1. ## Simplify the complex fraction

I can barely simplify regular fractions! My book's explanation of how to do this has me so terribly confused...

$\frac{\frac{b}{b+9}+\frac{7}{5b}}{\frac{b}{3b+27}+ \frac{4}{b}}$

2. Note that $3b+27=3(b+9)$.
So the LCD is $15b(b+9)$.

3. Originally Posted by Plato
Note that $3b+27=3(b+9)$.
So the LCD is $15b(b+9)$.
So, I would simply each individual fraction, then multiply both numerators by the LCD right?

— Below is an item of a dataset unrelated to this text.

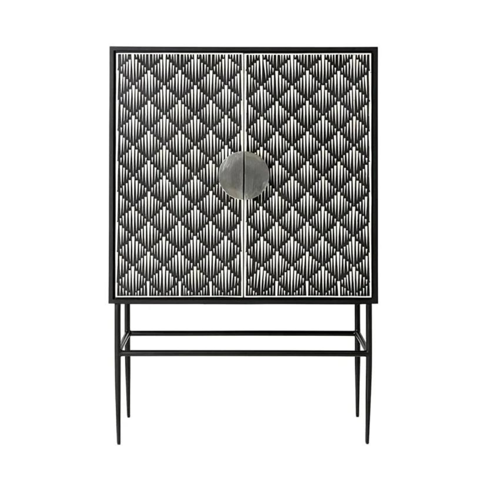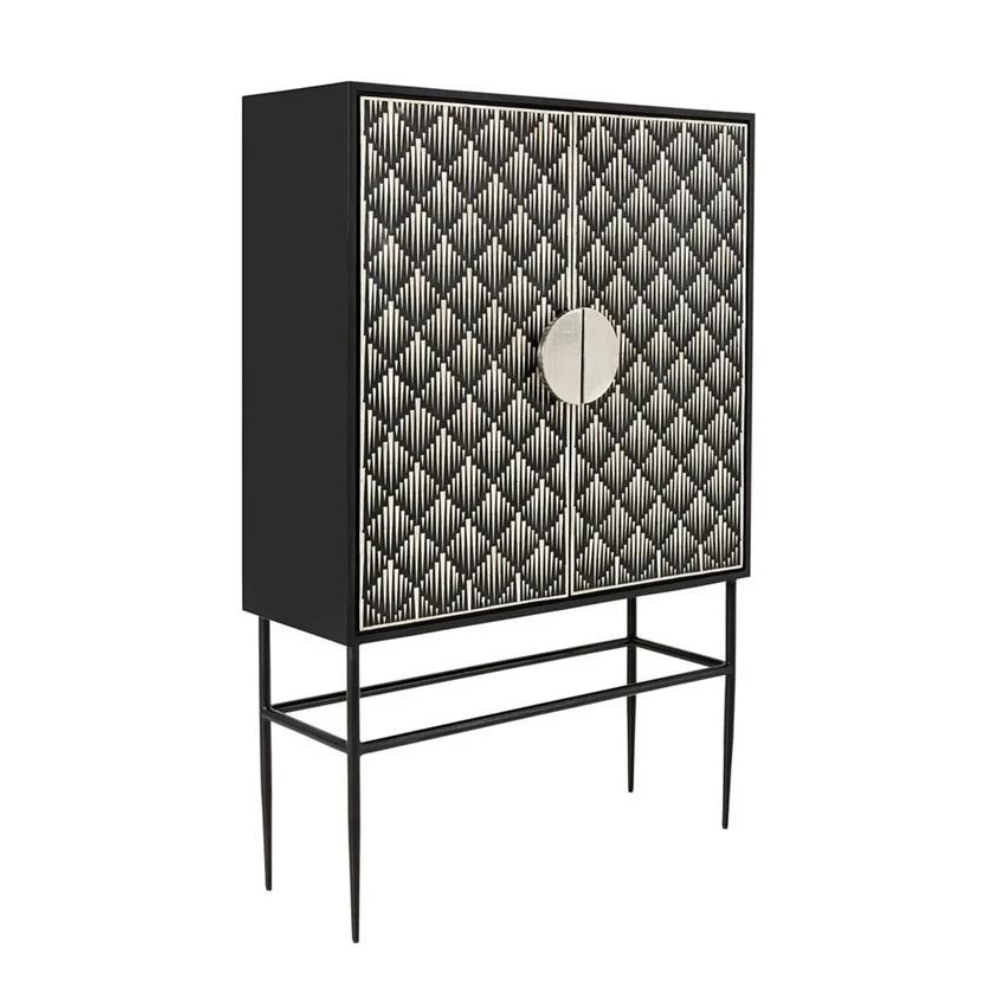 Bone Inlay Arrow Bar Cabinet with eye-catching design and jaw-dropping bone-inlay details, this drinks cabinet is a real showstopper. The tradition of bone inlay furniture is one that’s been passed from generation to generation in India. With the bone collection, the best of contemporary design and handcrafted artisanship come together in an exquisite range for the discerning buyer. This drinks cabinet will make a lasting impression with a solid mango framework, powder-coated steel legs and handles, and design details from ethically sourced bone. Make it the centerpiece of your living room or dining room, then run your hand over it in appreciation.

4. Originally Posted by Fails_at_Math
So, I would simply each individual fraction, then multiply both numerators by the LCD right?
Right.

5. Originally Posted by Fails_at_Math
$\frac{\frac{b}{b+9}+\frac{7}{5b}}{\frac{b}{3b+27}+ \frac{4}{b}}$
Expanding a bit on the previous (and spot-on!) reply, multiply the fraction, top and bottom, by the LCM of the four sub-fractions:

$\frac{\displaystyle\frac{15b(b\, +\, 9)}{1}\left(\frac{b}{b\, +\, 9}\right)\, +\, \frac{15b(b\, +\, 9)}{1}\left(\frac{7}{5b}\right)}{\displaystyle\fra c{15b(b\, +\, 9)}{1}\left(\frac{b}{3(b\, +\, 9)}\right)\, +\, \frac{15b(b\, +\, 9)}{1}\left(\frac{4}{b}\right)}$

Cancel stuff to get:

$\frac{15b(b)\, +\, 3(b\, +\, 9)(7)}{5b(b)\, +\, 15(b\, +\, 9)(4)}$

I'll bet you can see where to go from there!

6. Now that I've finished my lunch...

$\frac{3(5b^2\, +\, 7b\, +\, 63)}{5(b^2\, +\, 12b\, +\, 108)}$

Should I leave it like this? Based on the answers of similar problems in the book, I think I should distribute it out to...

$\frac{15b^2\, +\, 21b\, +\, 189)}{5b^2\, +\, 60b\, +\, 540)}$

How's this look?

Much appreciate the help guys.